-- EXERCISE OBJECTIVE --
Restate, word for word and with no pictures, the stretch of lines in the data below that begins at the line with "여성 여름 긴팔 줄무늬 티셔츠" and ends at the line with "Grafitové tepláky N-ERLA", inclusive.
---------- DATA FOR ANALYSIS ----------
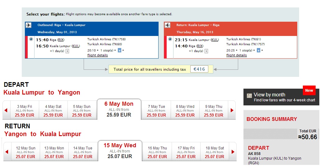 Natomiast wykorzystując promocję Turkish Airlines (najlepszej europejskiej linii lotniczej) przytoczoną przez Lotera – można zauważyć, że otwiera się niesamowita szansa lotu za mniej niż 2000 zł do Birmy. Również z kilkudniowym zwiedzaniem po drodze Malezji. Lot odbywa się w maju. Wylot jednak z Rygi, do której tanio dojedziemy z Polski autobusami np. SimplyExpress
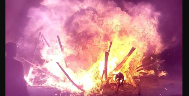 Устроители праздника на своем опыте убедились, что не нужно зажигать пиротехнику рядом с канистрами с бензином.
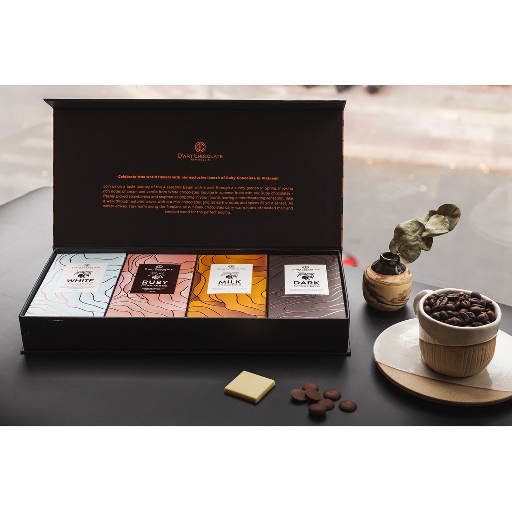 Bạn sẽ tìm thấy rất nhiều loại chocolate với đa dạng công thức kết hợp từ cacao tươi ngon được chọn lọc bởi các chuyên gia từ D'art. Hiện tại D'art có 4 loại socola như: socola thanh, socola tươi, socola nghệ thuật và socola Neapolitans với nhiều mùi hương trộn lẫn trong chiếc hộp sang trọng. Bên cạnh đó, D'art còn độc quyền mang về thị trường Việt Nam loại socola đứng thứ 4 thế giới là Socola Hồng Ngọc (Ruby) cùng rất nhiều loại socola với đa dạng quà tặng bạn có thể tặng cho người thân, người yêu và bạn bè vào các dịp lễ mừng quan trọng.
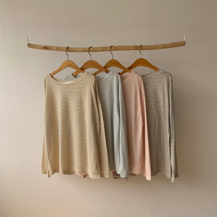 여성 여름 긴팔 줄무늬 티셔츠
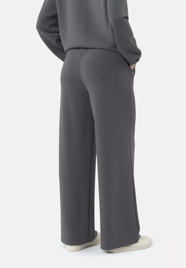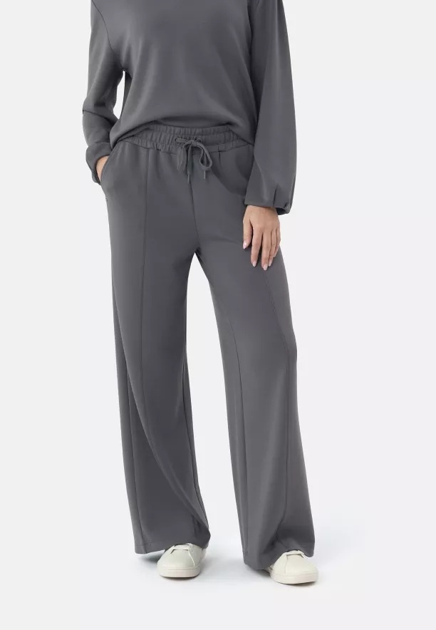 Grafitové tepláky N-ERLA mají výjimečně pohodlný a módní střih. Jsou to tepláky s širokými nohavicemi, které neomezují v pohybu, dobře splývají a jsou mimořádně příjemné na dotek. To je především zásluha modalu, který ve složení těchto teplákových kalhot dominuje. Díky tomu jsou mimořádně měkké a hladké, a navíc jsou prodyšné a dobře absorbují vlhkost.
----------
---------- DATA FOR ANALYSIS ----------
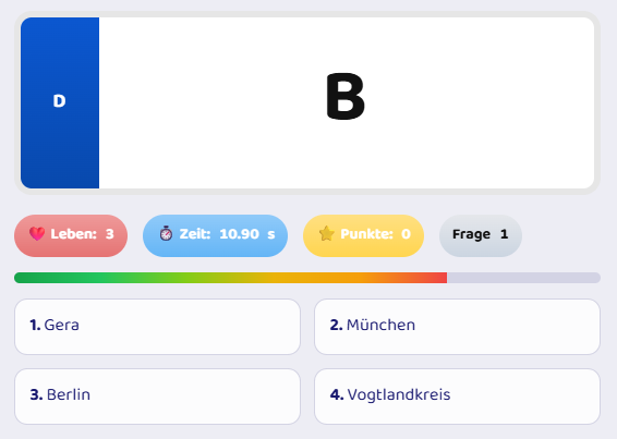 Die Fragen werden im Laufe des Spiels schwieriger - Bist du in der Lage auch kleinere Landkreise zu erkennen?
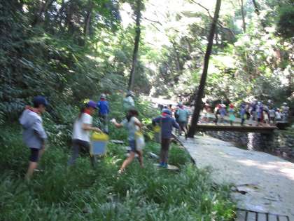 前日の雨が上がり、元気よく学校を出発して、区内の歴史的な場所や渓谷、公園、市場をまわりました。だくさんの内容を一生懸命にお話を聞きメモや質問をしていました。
----------
-- YOUR SOLUTION --
 여성 여름 긴팔 줄무늬 티셔츠
 Grafitové tepláky N-ERLA mají výjimečně pohodlný a módní střih. Jsou to tepláky s širokými nohavicemi, které neomezují v pohybu, dobře splývají a jsou mimořádně příjemné na dotek. To je především zásluha modalu, který ve složení těchto teplákových kalhot dominuje. Díky tomu jsou mimořádně měkké a hladké, a navíc jsou prodyšné a dobře absorbují vlhkost.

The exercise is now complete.